Author Stephen Singular is often cited by those who support the OJ-didn’t-do-it narrative as someone who has proved that the police tampered with evidence. I disagree with him on a number of issues, and believe that his popular book “Legacy of Deception” contains serious mistakes. Singular is very important in his role in pushing the EDTA theory, which I have long thought is an incredibly misguided claim. I was re-reading his book today and something stuck out at me. Singular makes the argument that Martz, who did the only EDTA testing for the trial, at first claimed to have found EDTA and then “changed his mind and said he’d definitely detected no EDTA on the back gate or on the socks.”

But this isn’t what actually happened. Martz never admitted to identifying EDTA early in the trial. What he said was that he had found the 293 parent ion and 160 daughter ion for the compound in his tests. He then said this is consistent with the presence of EDTA, but that it warrants “further testing” and responded like EDTA (note: three different ions were needed for identification with this particular test, not just two).

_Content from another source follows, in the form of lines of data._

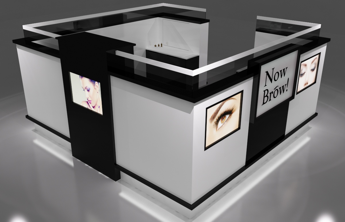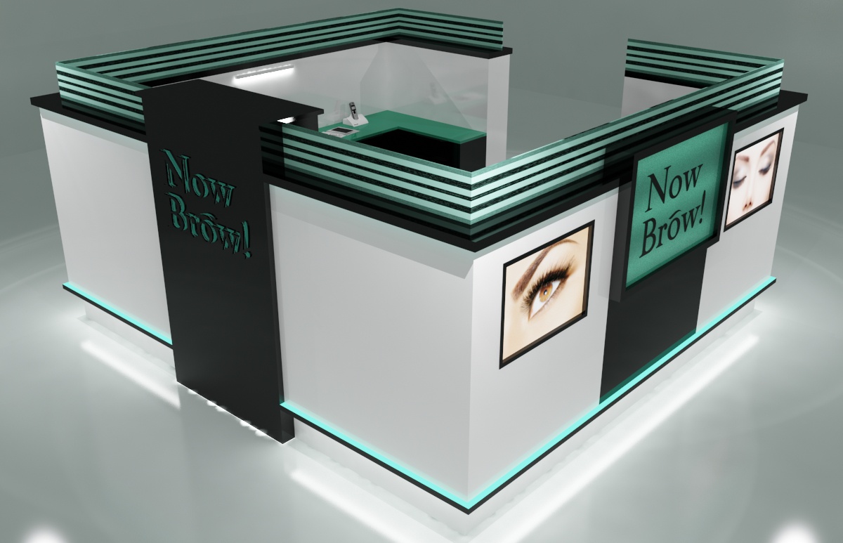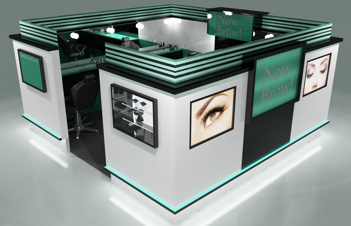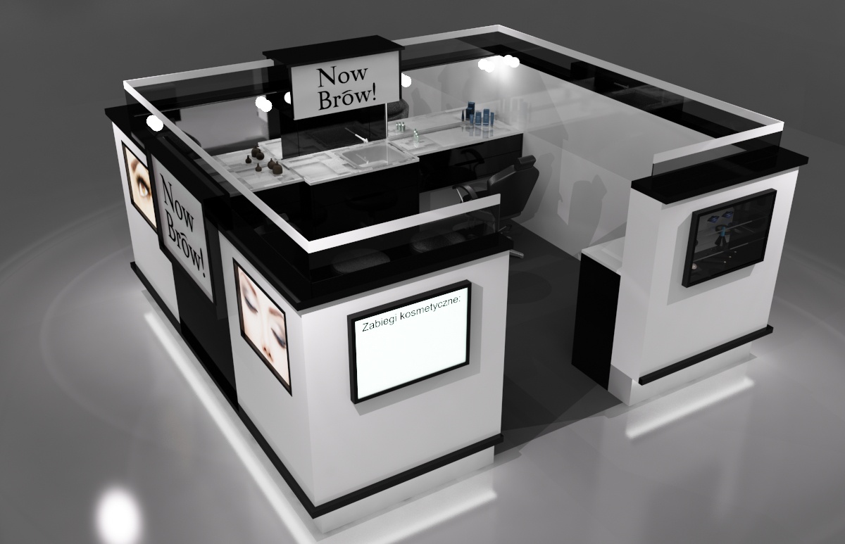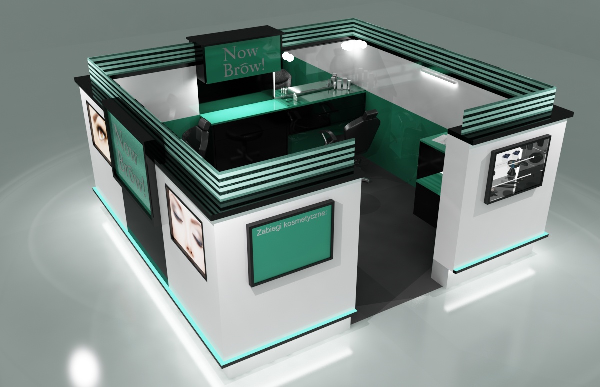Projekt wyspy kosmetycznej zajmującej się manicure oraz pielęgnacją paznokci przystosowany do ustawienia w galerii handlowej.
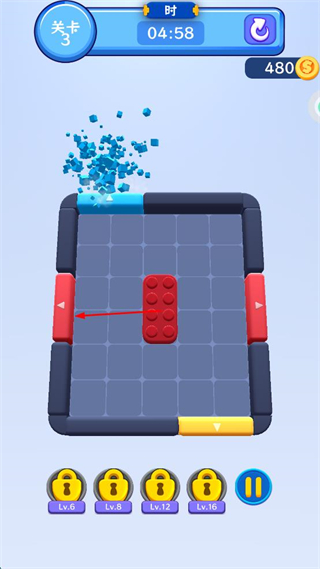 3、蓝色积木匹配顶部蓝色区域后消除,红色积木按箭头指示向左移动,匹配左侧红色区域。
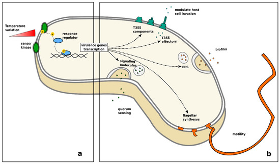 Increase of virulence in bacteria in response to temperature variation: (a) change of temperature causes autophosphorylation of a sensor kinase, which in turn activates a cytoplasmatic transcription activator leading to the transcription of virulence genes; (b) the release of a quorum sensing signal, biofilm formation, Type III secretion system assembly, synthesis of flagellar components and related flagellar motility have been related to temperature variation in different species of bacteria.
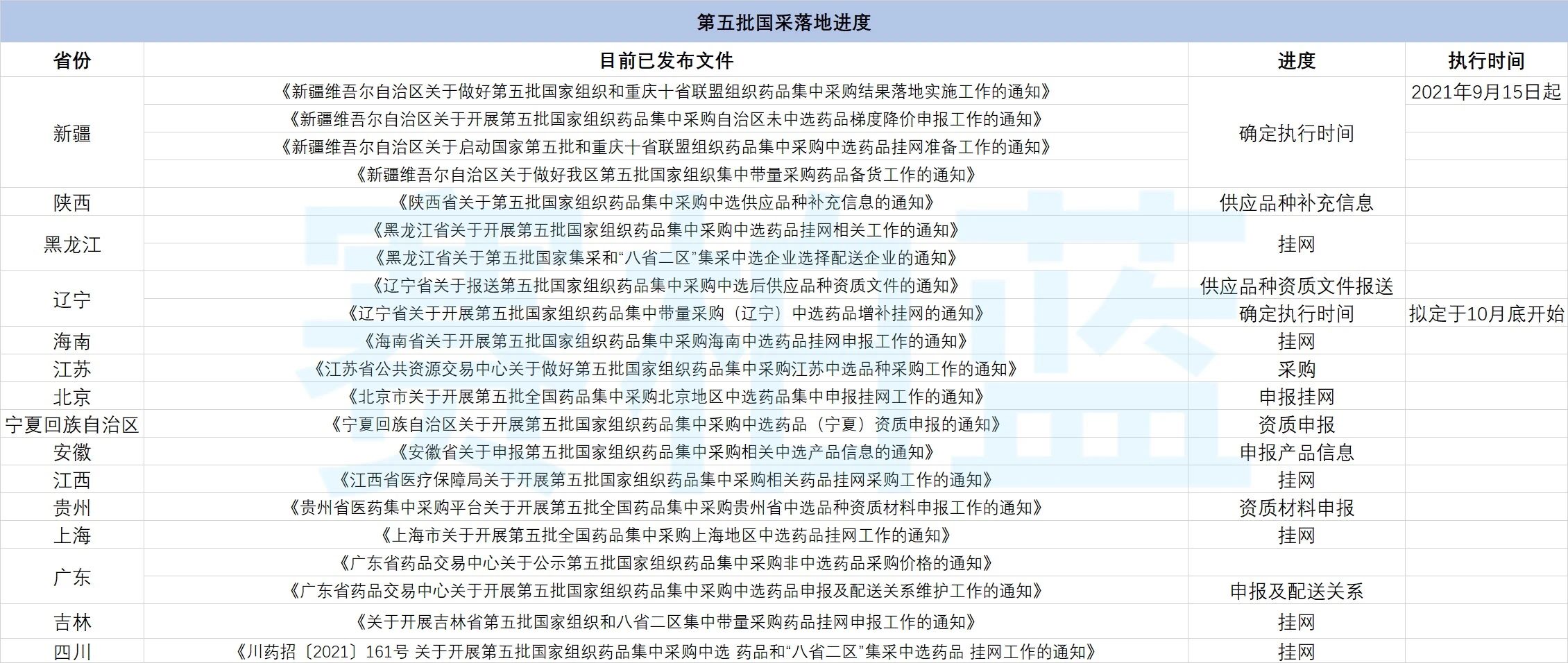遼寧省和新疆都已確定第五批國采執(zhí)行時間,目前來看,和之前央視新聞報道的“預計今年10月患者可用上降價藥品”時間基本一致,其他省份也陸續(xù)確定了掛網(wǎng)時間,相信執(zhí)行時間也指日可待。
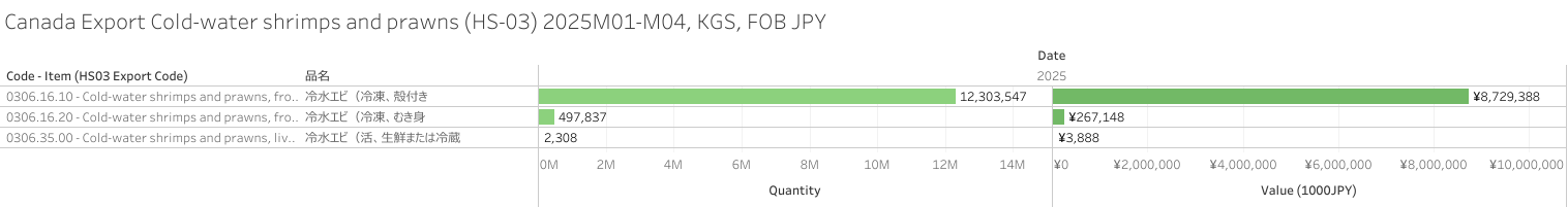 カナダ 冷水エビ(HS-03)輸出統計 2025年4月まで
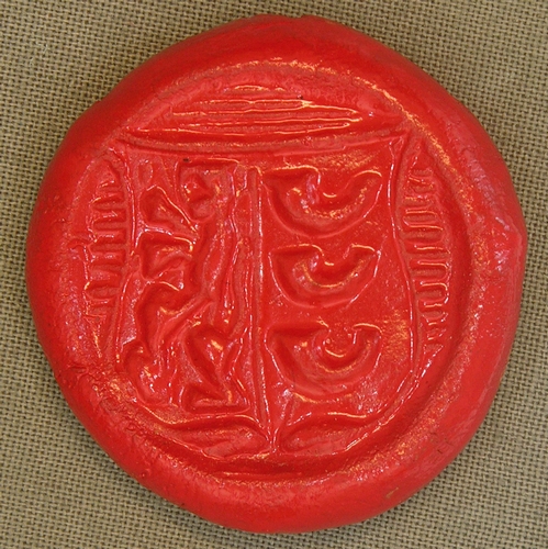 Ronde eenzijdige penning van met rode glansverf beschilderd gebakken aardewerk , diameter 39 mm, randdikte 9 mm. Afbeelding van het stadswapen van Eindhoven; schild met links de Brabantse leeuw en rechts de drie hoorns van Horne
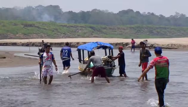 Vídeos que circulam nas redes sociais nesta segunda-feira, 16, mostram embarcações encalhadas no Rio Madeira, em Rondônia. Uma balsa transportando 16 carretas ficou presa no rio, na região de São Carlos, próximo à capital, Porto Velho. Além disso, outra embarcação encalhou em um pedral nas proximidades da comunidade de Marmelo.

And later in his testimony, Martz clarified:

When something is consistent with something else, it is not a positive identification.It could be something else. With preliminary tests that you do in the laboratory, there is a lot of chemicals that could be consistent, but in order to identify something, you have to have something unique associated with that chemical before you can positively identify it and that is what a mass spectrum does.”

Of course, Singular did not put this quote in his book. So, is this a semantic flip-flop from Martz’s prior testimony? No, because Martz actually explained the difference to Blasier prior to his testimony (meaning the defense team knew he wasn’t identifying the compound, but was acknowledging that two of the three ions needed were consistent). I have a hard time understanding why Singular would believe that this is “changing his mind.” Because other than the obvious difference between consistency and identification, in late February or early March before his testimony Martz had already provided the prosecution with his report that concluded that he couldn’t identify EDTA! Martz was, for a lack of a better word, “consistent” on this issue from the beginning, and Singular is wrong to suggest the he had reversed his opinion.